THE FASCIST FACE OF NEPAL

The fascist does not come dressed as a villain. He comes dressed as the solution to the villain before him.
I. The Legitimate Grievance as a Loaded Gun
There is a particular cruelty in the way populist authoritarianism begins not with a lie, but with the truth. This is what makes it so difficult to resist, and so easy to misread. When Hitler stood before crowds in the early 1930s and described the humiliation of Versailles, the economic ruin of ordinary Germans, the corruption of the Weimar establishment he was not fabricating. The grievances were real. The anger was earned. What he manufactured was not the wound, but the cure.

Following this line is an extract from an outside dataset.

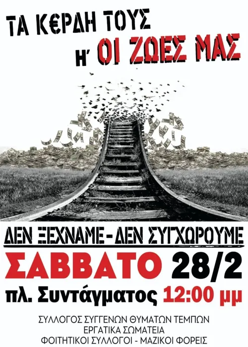 «Η Εκτελεστική Επιτροπή της Α.Δ.Ε.Δ.Υ. κηρύσσει 24ωρη απεργία για όλους τους εργαζόμενους, ανεξάρτητα από τη σχέση εργασίας, σε όλες τις Δημόσιες Υπηρεσίες, τα Ν.Π.Δ.Δ. και τους Ο.Τ.Α. που εργάζονται το Σάββατο, 28 Φλεβάρη 2026, τη μέρα που συμπληρώνονται 3 χρόνια από το προδιαγεγραμμένο έγκλημα στα Τέμπη, που στοίχισε τη ζωή σε 57 συνανθρώπους μας και συγκλόνισε ολόκληρο τον λαό. Η πραγματική δικαίωση για τα Τέμπη, για τους νεκρούς στους χώρους δουλειάς, για τα παιδιά μας, θα έρθει μέσα από τον οργανωμένο αγώνα για την ανατροπή των πολιτικών των ιδιωτικοποιήσεων, της συστηματικής απαξίωσης των δημόσιων υποδομών που ευθύνονται για το δυστύχημα, της πολιτικής που γεννά καθημερινά νέα εγκλήματα. Καλούμε τους εργαζόμενους του δημόσιου τομέα, να δώσουν μαζικό, μαχητικό παρών μαζί με τα σωματεία και τις ομοσπονδίες τους, μαζί με όλους τους εργαζόμενους και τη νεολαία, στο μεγάλο συλλαλητήριο το Σάββατο 28 Φλεβάρη, στις 12:00 στο Σύνταγμα και στα αντίστοιχα που θα γίνουν σε όλη την Ελλάδα».

Mussolini operated by the same logic in post-war Italy. Liberal democracy had failed to deliver the territories Italians believed they were promised after the First World War. The parliamentary system was gridlocked, scandal-ridden, and visibly incapable of governing. Mussolini did not need to convince Italians that the system was broken. He only needed to convince them that he and only he could fix it.
This is the first and most important stage of the playbook: you do not invent the crisis. You inherit it, amplify it, and attach your name to it so completely that the crisis and your candidacy become inseparable in the public mind.
Nepal handed Balen Shah this gift on a silver platter. The political landscape he entered was not merely imperfect it was openly, almost theatrically corrupt. Decades of the same parties recycling the same faces. Leaders who switched allegiances not on principle but on arithmetic whichever coalition guaranteed a ministry. The Mahara scandal. The normalisation of impunity. A generation of young Nepalis who had watched their parents’ faith in democratic institutions curdle into exhausted cynicism.
By the time Balen appeared on the scene, the public did not need to be persuaded that the old order was rotten. They had been living inside that rot for their entire lives. His genius and it is a form of genius, however dangerous was in understanding that in such an environment, you do not need to be great. You only need to be legible. To point at the disease with enough conviction that people trust you to be the cure.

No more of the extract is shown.